He wears a "Dark Apron" of cow leather. Sounds like it might be somewhat thick by the "choisest part of four yearling ox-hides", though this is of course a guess. In any event, it's pliable. Maybe at best an apron similar to a buff coat - or maybe just more standard clothing, though as it is of leather it may show some prestige.

Quote:
twenty-seven tunics [cneslenti] worn next to his skin, waxed, board like, compact, which were bound with strings and ropes and thongs close to his fair skin


This to me rings of armour. 27 layers of tunic - Similar to some gambeson descriptions.
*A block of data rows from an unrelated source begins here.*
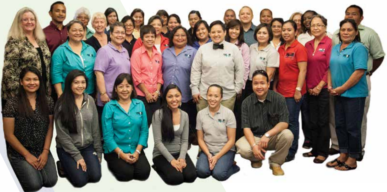
GUAM CEDDERS STAFF

In partnership with individuals with disabilities and their families, agencies, organizations, and service providers, Guam CEDDERS creates pathways that enhance, improve, and support the quality of life of individuals with developmental disabilities and their families.
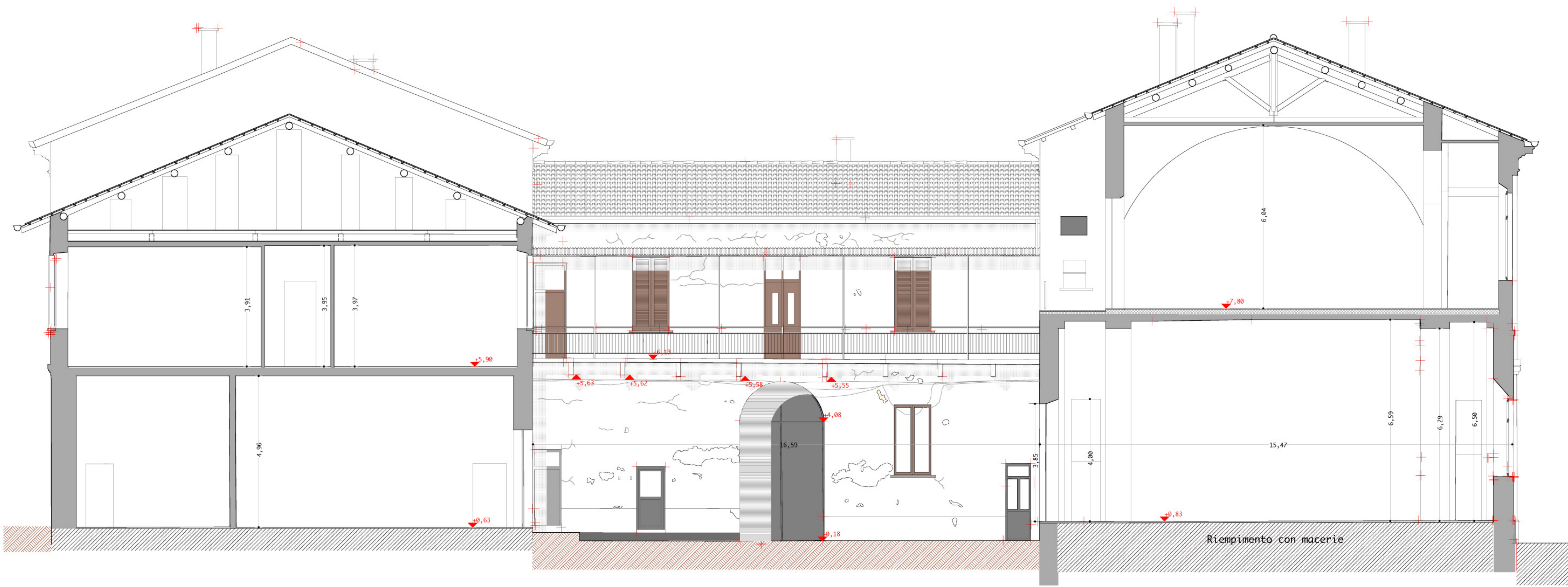
PROSPETTO CORTILE LATO OVEST
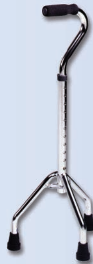
DE-41100 TRIPOD CHROME WALKING STICK
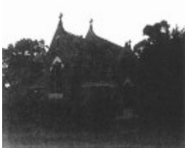
St Bernards Parish Primary School.
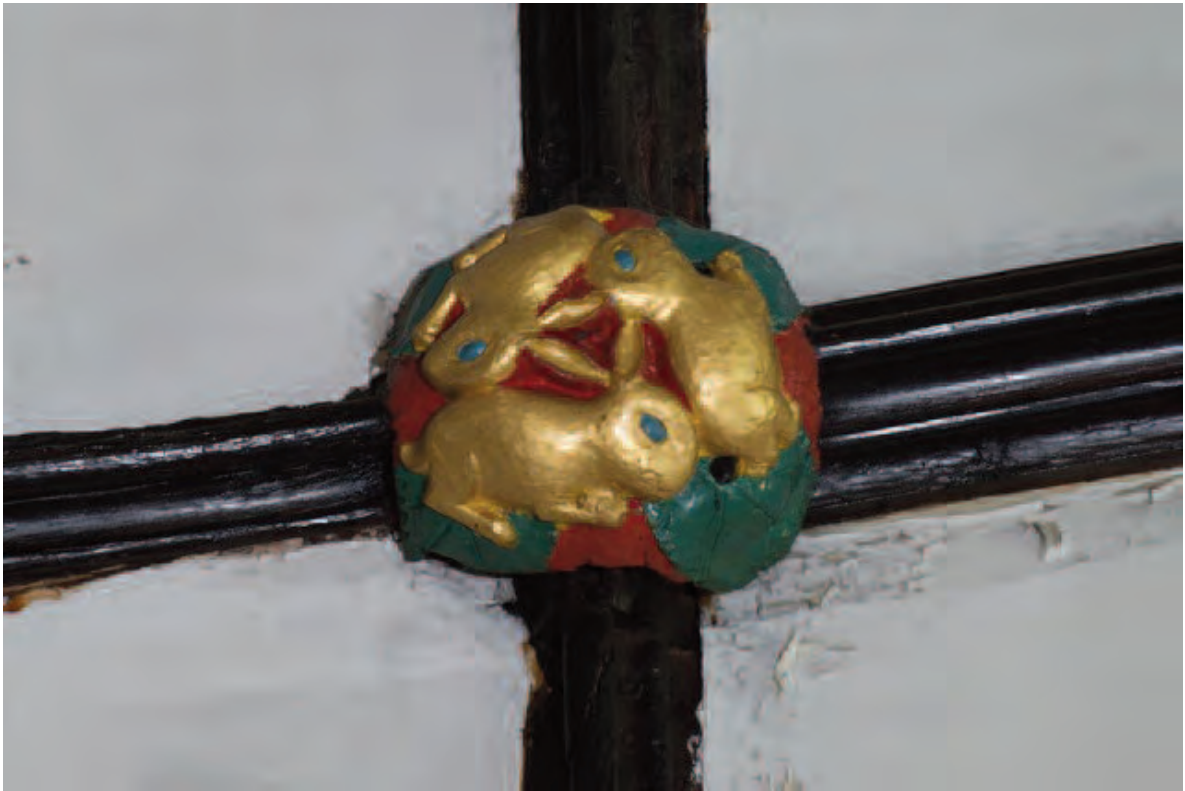
Three Hares roof boss, Tavistock, Devon.

For nearly two thousand years there flowed along this tenuous, lengthy and even fragile route, an extraordinarily rich trade, not only of dried goods and fruits, silks and carpets, dyes and textiles, perfumes, gold, silver and tea, apothecaries herbs and drugs, but also ideas, philosophies and religious concepts, as well as folklore and superstition. It is along this route that the Three Hares symbol must have travelled, possibly in both directions and at different times. It was an important corridor, as important as the worldwide web is today. Yet with all our technology and scientific understanding, we still do not know the true meaning of the symbol, not least because it occurs in many different cultures in many different settings.
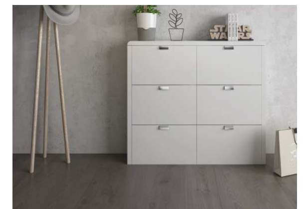
Maintenance, Facts, and Warranty — 13
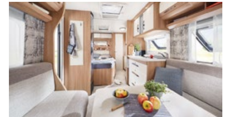
FURNITURE FINISH: Olmo Pavarotti / Uni Beige Matt UPHOLSTERY COMBINATION: Patch RANGE: De Luxe
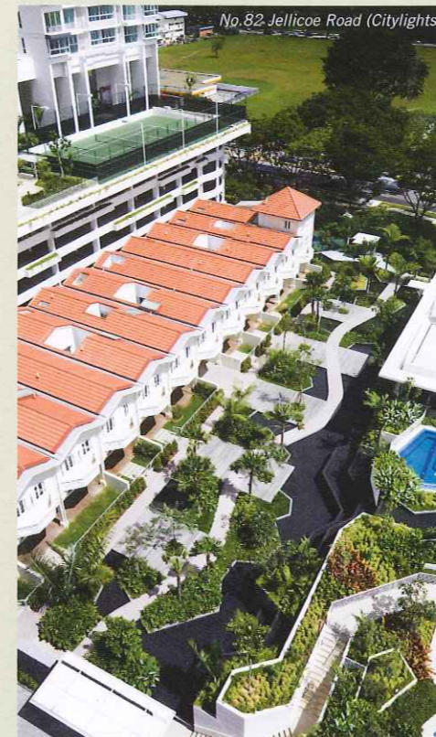
No. 82 Jellicoe Road (Citylights)

Well restored residences were in the limelight for the 2008 URA Architectural Heritage Awards. Among them – Sri Temasek, a colonial style bungalow where the Prime Minister delivered his National Day message this year. Here's a snapshot of all the winning projects.
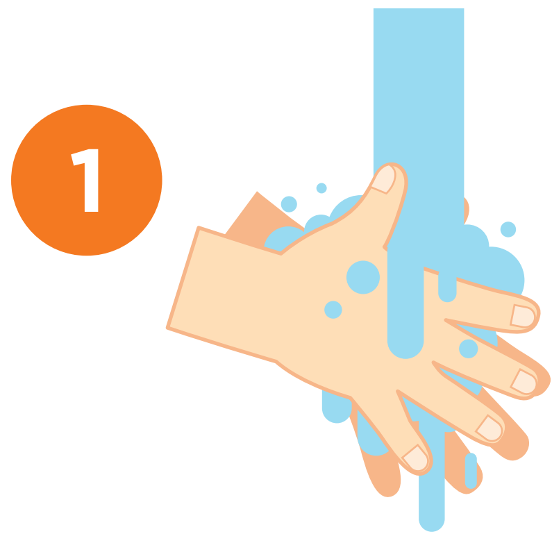
1 Wet/Pre-rinse (Mojar)
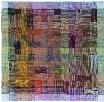
Sondra Bogdonoff - Weavings
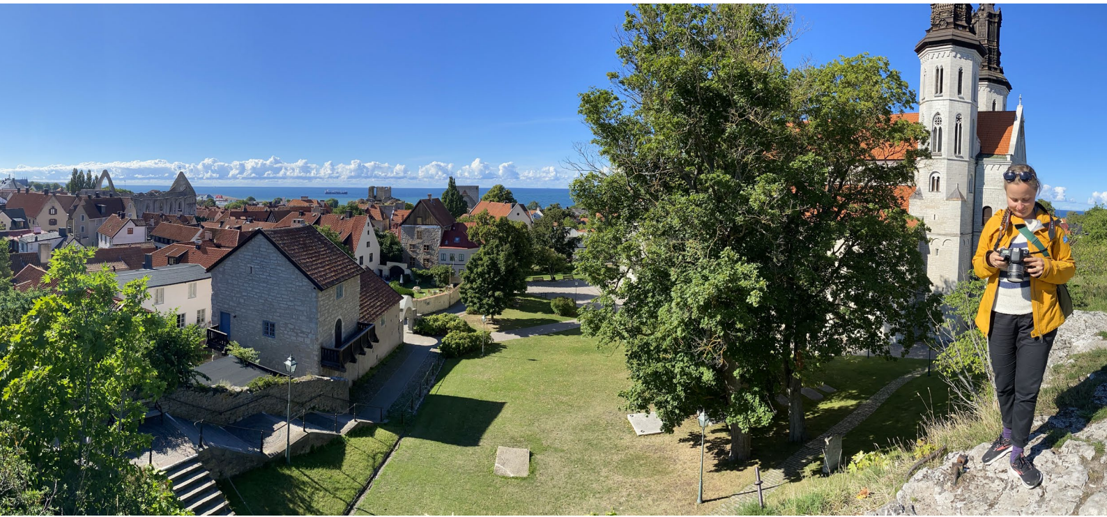
View over Walled town of Visby

the methodological steps included in Wayfinder Heritage framework, these methods can constitute powerful tools for heritage managers to conceive and understand the possibility of very different futures for a heritage place; particularly if certain challenges are ignored, or insufficiently tackled, or addressed too late.

The "Waxed and Boardlike" - maybe a method of treatment? I read elswhere where a 24 layer linen gambeson was treated with rough wine to make it tough, in a later period quote. Boardlike could also mean due to the 27 layer thickness it was a bit stiff.

Quote:
The clothing for everyone is the cloak, which is fastened by brooch or failing that by thorn; they spend whole days at the fire by the hearth in nothing else. The greatest landowners are marked by clothes, not loose like the Sarmatians’ and Parthians’, but tight and shaping every limb. And they wear the skins of wild animals-- casually near the coasts, more carefully farther off as there is no trading culture. The animals are chosen, and the piebald coats are flayed and the skins of beasts which are born of the Outer Ocean and the unknown seas


On Tacitus description of the Germanic tribesmen - it seems the wealthy wear the tight fitting clothing and skins of animals. But this clearly looks to be a description of the well-drfessed wealthy, nothing indicates it is amour.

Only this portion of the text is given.